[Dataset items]
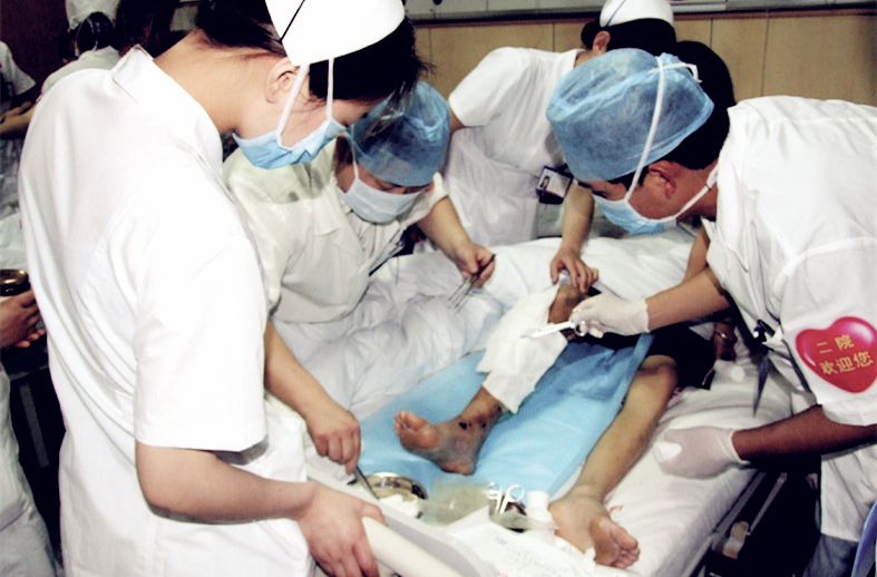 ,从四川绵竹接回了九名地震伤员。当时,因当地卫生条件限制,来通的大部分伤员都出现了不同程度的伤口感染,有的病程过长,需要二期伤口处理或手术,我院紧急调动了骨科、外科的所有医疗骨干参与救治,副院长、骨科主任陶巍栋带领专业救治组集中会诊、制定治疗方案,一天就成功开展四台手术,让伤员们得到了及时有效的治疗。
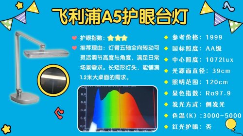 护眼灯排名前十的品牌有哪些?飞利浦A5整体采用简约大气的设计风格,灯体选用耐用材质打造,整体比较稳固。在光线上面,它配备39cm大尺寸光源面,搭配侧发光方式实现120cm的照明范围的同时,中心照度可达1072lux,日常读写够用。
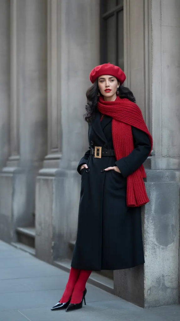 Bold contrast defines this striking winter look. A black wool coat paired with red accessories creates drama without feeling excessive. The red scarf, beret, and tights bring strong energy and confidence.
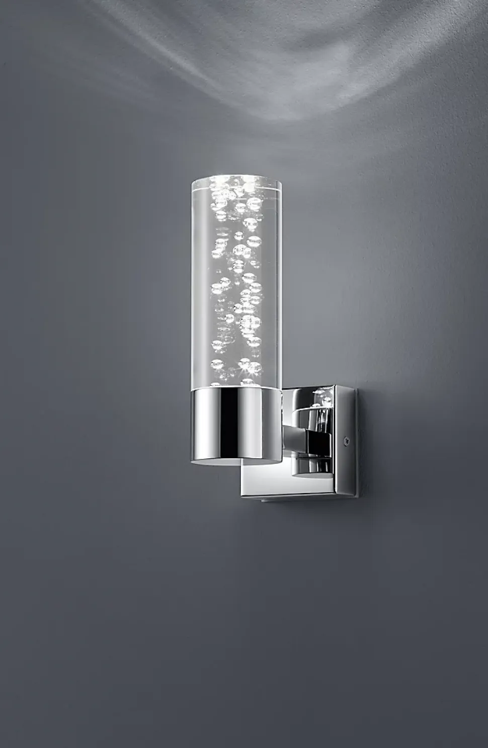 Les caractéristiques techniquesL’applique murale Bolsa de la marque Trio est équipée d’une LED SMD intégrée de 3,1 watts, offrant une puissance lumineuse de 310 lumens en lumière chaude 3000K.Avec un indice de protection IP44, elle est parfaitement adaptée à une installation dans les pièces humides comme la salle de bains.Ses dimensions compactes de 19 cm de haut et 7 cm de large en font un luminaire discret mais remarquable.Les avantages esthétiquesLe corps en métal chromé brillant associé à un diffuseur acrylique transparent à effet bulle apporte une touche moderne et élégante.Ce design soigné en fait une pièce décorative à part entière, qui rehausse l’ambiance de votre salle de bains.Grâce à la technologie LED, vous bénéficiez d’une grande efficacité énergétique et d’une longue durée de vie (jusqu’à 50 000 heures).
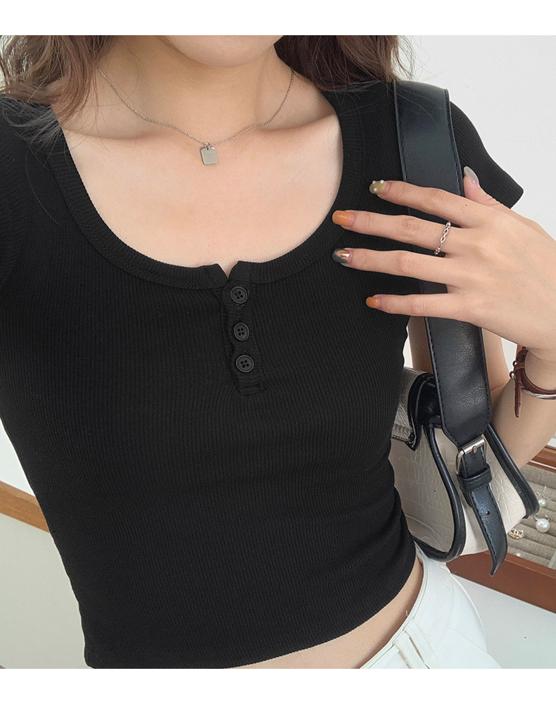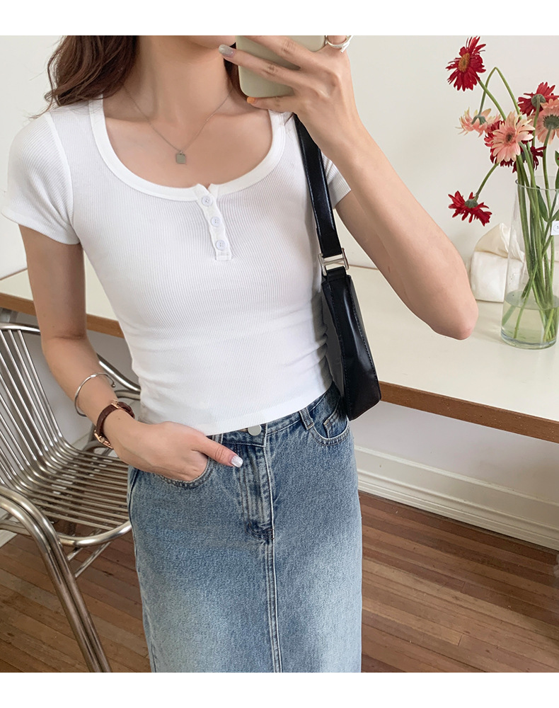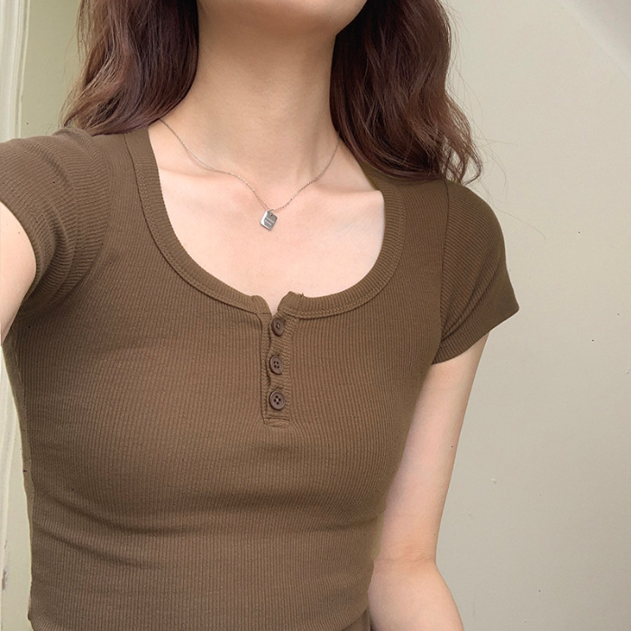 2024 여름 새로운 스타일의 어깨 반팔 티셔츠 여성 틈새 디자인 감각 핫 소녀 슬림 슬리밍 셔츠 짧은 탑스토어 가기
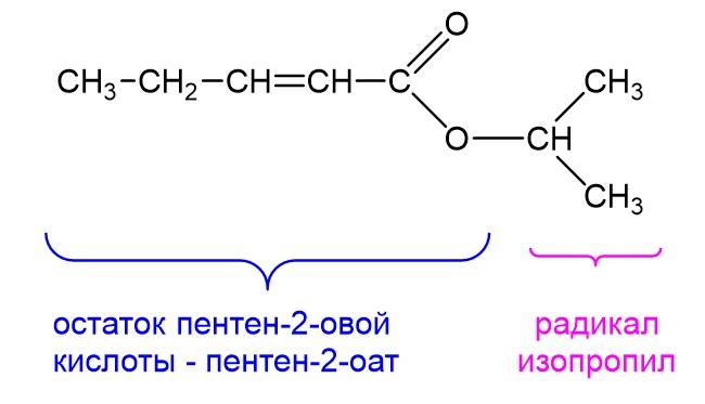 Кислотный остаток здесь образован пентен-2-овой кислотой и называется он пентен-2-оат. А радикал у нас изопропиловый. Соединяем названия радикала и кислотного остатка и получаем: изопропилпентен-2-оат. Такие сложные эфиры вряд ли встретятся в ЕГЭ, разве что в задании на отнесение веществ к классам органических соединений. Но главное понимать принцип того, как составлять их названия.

▶ **Brief**:
Only the text of the records belongs in your answer, copied exactly as it appears above.

▶ **The completed task**:
 ,从四川绵竹接回了九名地震伤员。当时,因当地卫生条件限制,来通的大部分伤员都出现了不同程度的伤口感染,有的病程过长,需要二期伤口处理或手术,我院紧急调动了骨科、外科的所有医疗骨干参与救治,副院长、骨科主任陶巍栋带领专业救治组集中会诊、制定治疗方案,一天就成功开展四台手术,让伤员们得到了及时有效的治疗。
 护眼灯排名前十的品牌有哪些?飞利浦A5整体采用简约大气的设计风格,灯体选用耐用材质打造,整体比较稳固。在光线上面,它配备39cm大尺寸光源面,搭配侧发光方式实现120cm的照明范围的同时,中心照度可达1072lux,日常读写够用。
 Bold contrast defines this striking winter look. A black wool coat paired with red accessories creates drama without feeling excessive. The red scarf, beret, and tights bring strong energy and confidence.
 Les caractéristiques techniquesL’applique murale Bolsa de la marque Trio est équipée d’une LED SMD intégrée de 3,1 watts, offrant une puissance lumineuse de 310 lumens en lumière chaude 3000K.Avec un indice de protection IP44, elle est parfaitement adaptée à une installation dans les pièces humides comme la salle de bains.Ses dimensions compactes de 19 cm de haut et 7 cm de large en font un luminaire discret mais remarquable.Les avantages esthétiquesLe corps en métal chromé brillant associé à un diffuseur acrylique transparent à effet bulle apporte une touche moderne et élégante.Ce design soigné en fait une pièce décorative à part entière, qui rehausse l’ambiance de votre salle de bains.Grâce à la technologie LED, vous bénéficiez d’une grande efficacité énergétique et d’une longue durée de vie (jusqu’à 50 000 heures).
 2024 여름 새로운 스타일의 어깨 반팔 티셔츠 여성 틈새 디자인 감각 핫 소녀 슬림 슬리밍 셔츠 짧은 탑스토어 가기
 Кислотный остаток здесь образован пентен-2-овой кислотой и называется он пентен-2-оат. А радикал у нас изопропиловый. Соединяем названия радикала и кислотного остатка и получаем: изопропилпентен-2-оат. Такие сложные эфиры вряд ли встретятся в ЕГЭ, разве что в задании на отнесение веществ к классам органических соединений. Но главное понимать принцип того, как составлять их названия.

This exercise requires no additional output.